Presentation of cargo::error encourages build scripts to exit with a successful status code on failure #15038

kornelski · 2025-01-09T02:06:33Z

Problem

The current implementation of cargo::error has a minimal, concise error presentation only when the build script exits with a successful status code (0) when it reports a build failure.

If a build script fails with a non-zero status code, use of the cargo::error directive doesn't prevent Cargo from adding a full dump of stdout/stderr after it, which makes the output noisy and difficult to understand #10159.

The current implementation incentivises build scripts to exit with the status 0 (success) to cleanly report fatal build errors. This is a non-standard behavior for reporting failures, and it's not backwards compatible with older Cargo versions that don't understand cargo::error.

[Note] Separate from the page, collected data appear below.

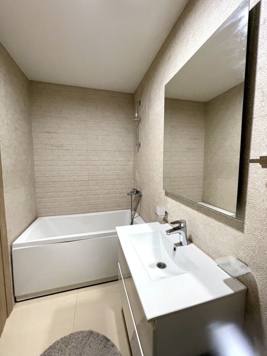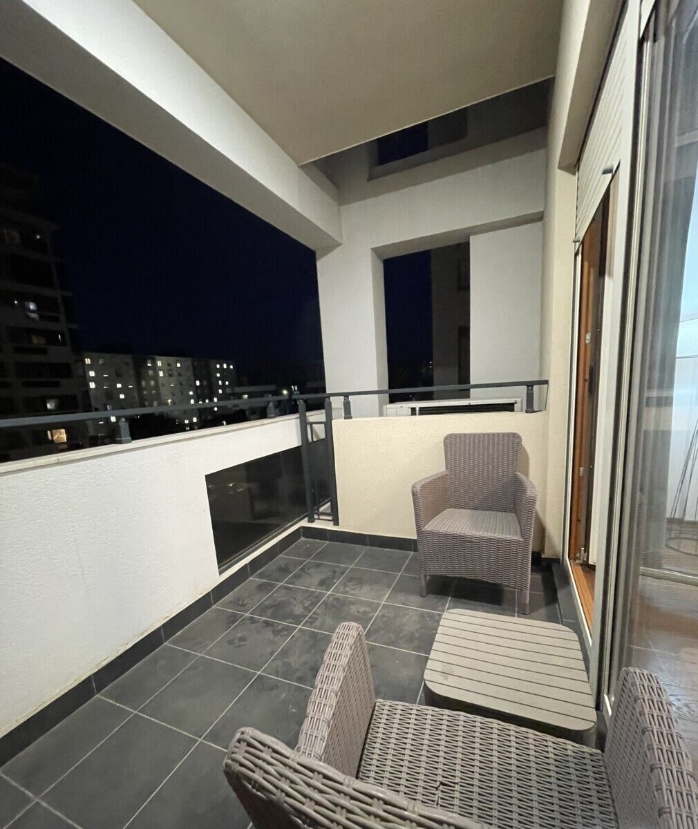 A nicely arranged two-bedroom apartment with two bathrooms, an area of 70 m² in the Master district, located on the third floor, with a secured garage space is for rent; the rental price is 900 € per month.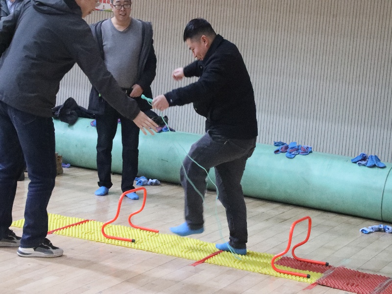 第三篇章“勇攀高峰”挑战体能极限。“瑞气迎门”要求参与者在限定范围内稳健踏步,寓意脚踏实地、步步高升;“步步高升闯大关”指压板接力赛,队员们克服困难,深刻体验“痛并快乐着”,象征新的一年攻坚克难、终达顶峰的决心。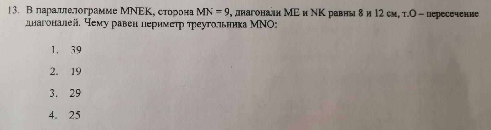 в параллелограмме MNEK, сторона MN равна 9, диагонали ME и NK равны 8 и 12 см, т. О пересечения диагоналей. Чему равен периметр треугольника MNO?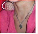 You can see this chain in a large percentage of her photos - the shamrock is hidden beneath her shirts due to her position in the photos... but you can see its the same chain. Course without shamrock showing its just speculation... but certainly appears to be a fave IMO too. Even one of the most publicized photos shows this chain & the charm almost peeking out...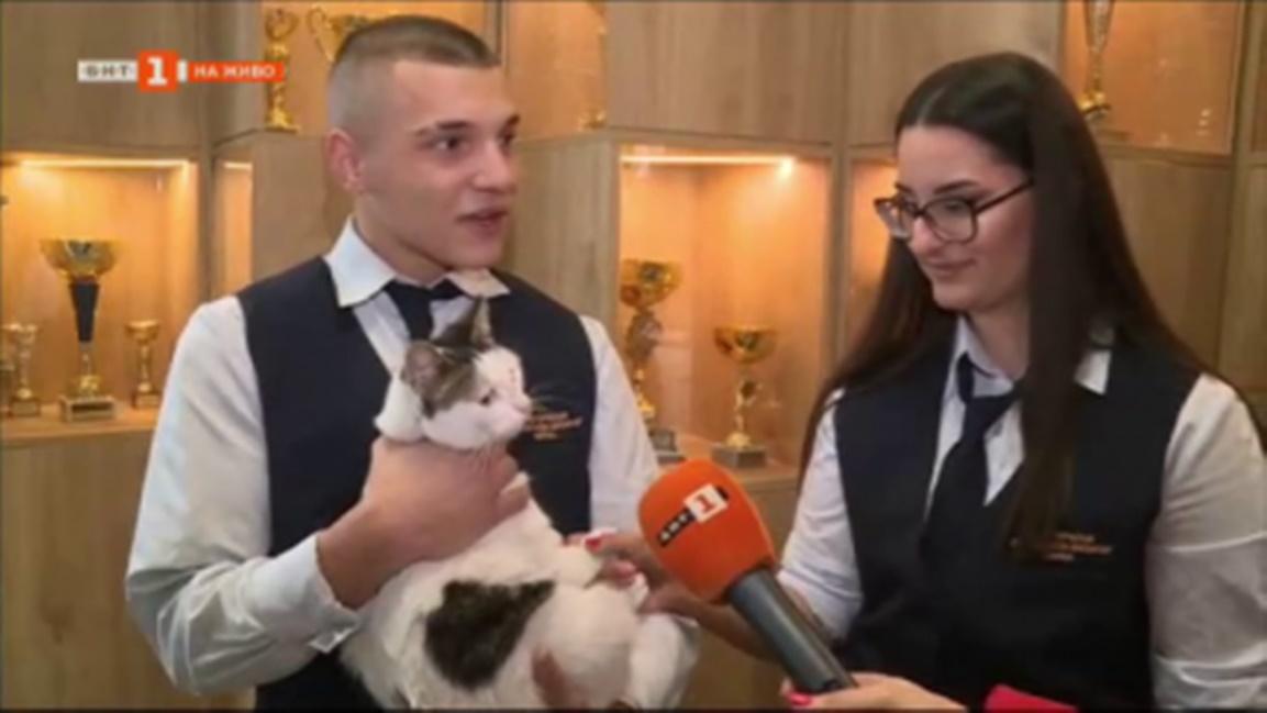 Бездомна котка, осиновена от учениците на професионалната гимназия по Туризъм във Варна се превърна в талисман на училището. Касандра е получила правото през студените дни да прекарва на топло във фоайето на сградата.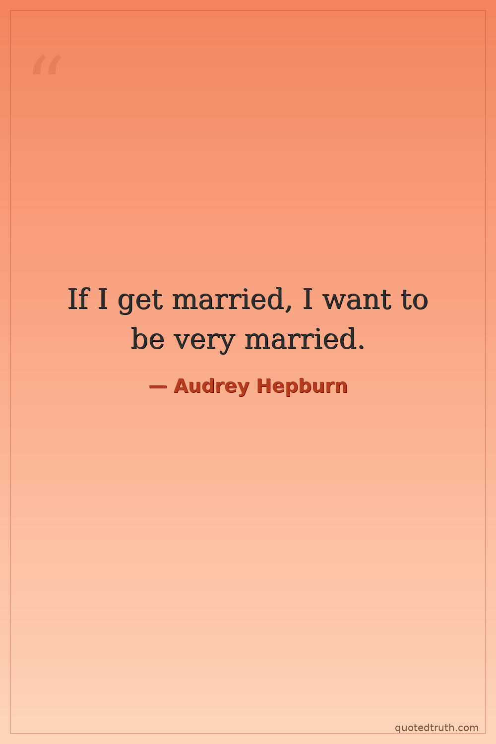 If I get married, I want to be very married.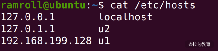 上图中,我在使用ssh指令从机器u1登录我的另一台虚拟机u2。这里u1和u2对应着 IP 地址,是我在/etc/hosts中设置的,如下图所示: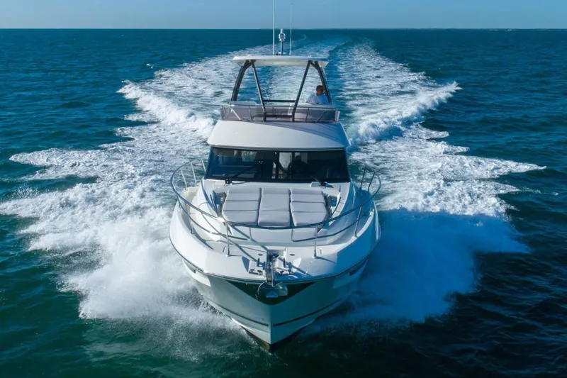 On the exterior, she features the signature style of the latest PRESTIGE Yachts, with an expanded, continuous line of windows in the hull. This Flybridge integrates the concept of the L-shaped cockpit, which allows for maximum use of space. Transformable into a very large aft sundeck, this cockpit can also house a fully equipped skipper cabin.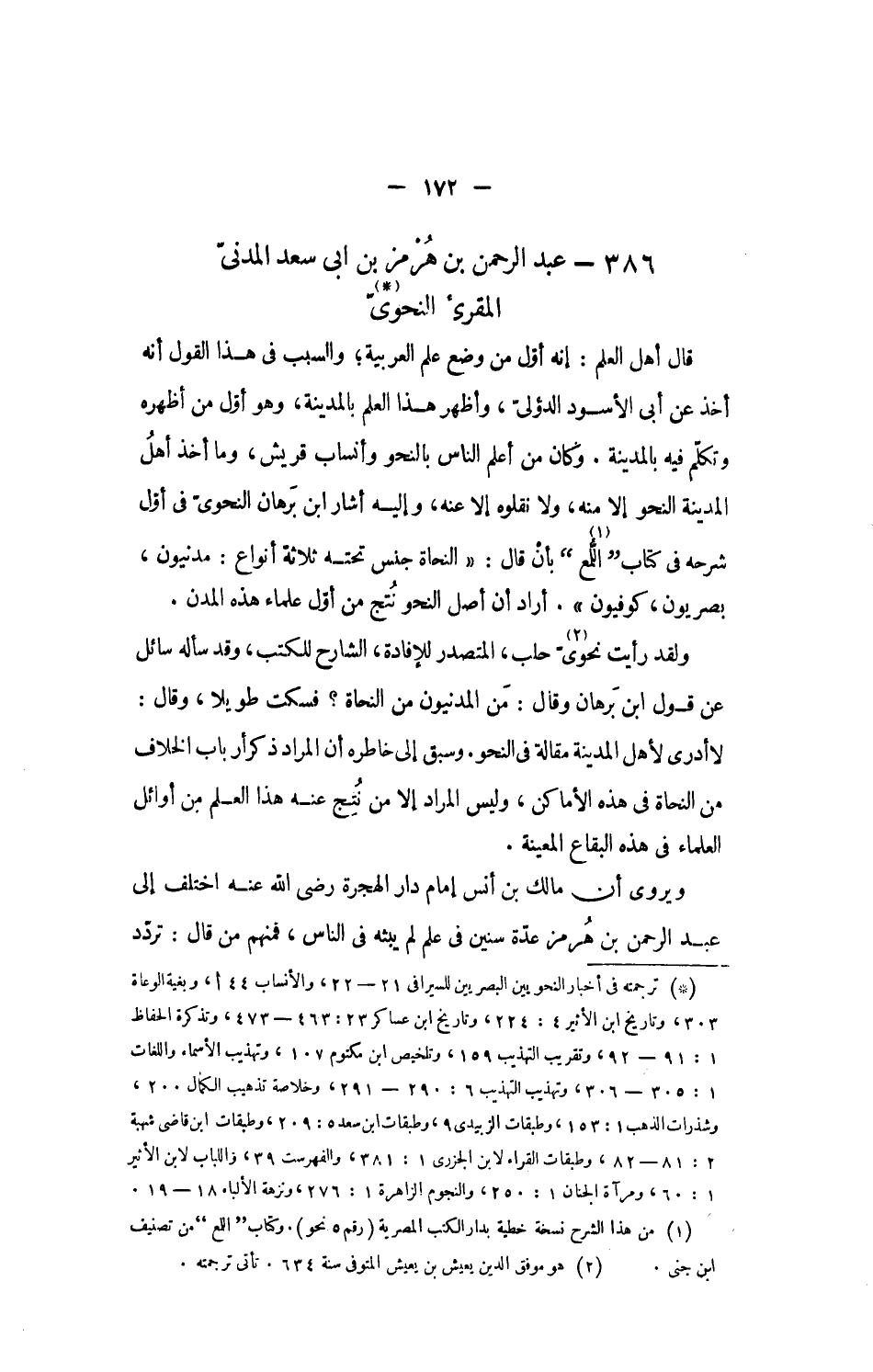 386 - عبد الرحمن بن هرمز بن ابى سعد المدنىّ المقرئ النحوىّ [1]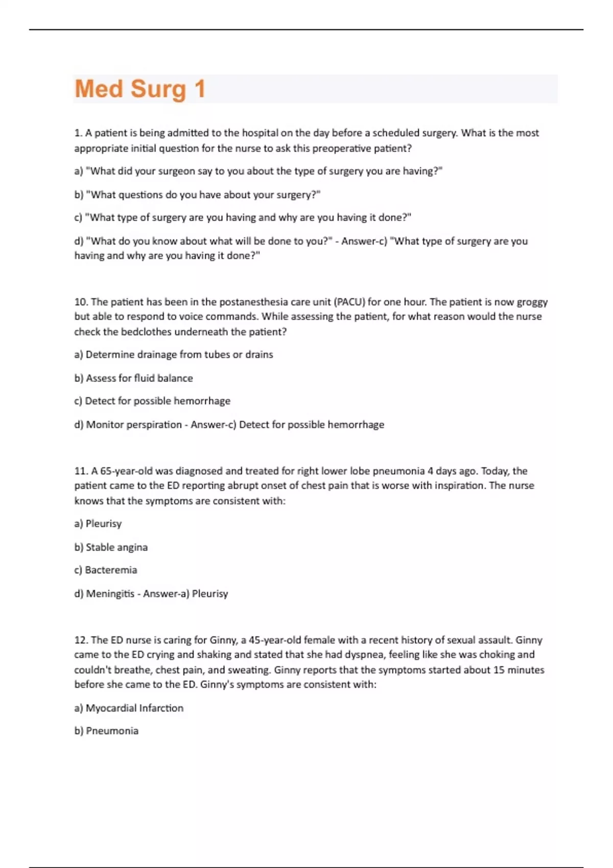 Med/Surg Exam 1 Questions And Answers Graded A+

Dumping the full stdout/stderr output is a major problem that diminishes usefulness of cargo::error. The dump is so noisy that the errors reported via cargo::error may be less visible and less readable than a raw text printed to stderr. The stdout dump can contain long lists of cargo::rerun-if-(env-)changed directives, and other potentially irrelevant logs from subcommands. A long noisy stdout/stderr dump usually causes users to stop reading the output carefully, and gloss over the entire output instead. It may even push the "error:" lines out of the view, leaving only the raw dump on screen, which ends with less helpful content. The pkg-config and cmake crates have this problem, and they also happen to be the most frequent source of build script failures. pkg-config prints 21 cargo::rerun-if-env-changed lines, which together with Cargo's boilerplate is 25 lines, the same as the default height of cmd.exe console on Windows. Windows users may literally not see the errors generated by cargo::error if a build script fails with a failure status code. The long output dump can be made even noisier when the build script panics, and Cargo actively encourages users to enable even longer backtraces, which pushes the "error:" lines even further, and obscures even the last lines of stderr that may contain another copy of the error.

I think the conditions for when cargo::error= has a clean presentation should be swapped: it should give the cleanest presentation when the build script reports cargo::error and exits with a failure status code to match it. This is a consistent response.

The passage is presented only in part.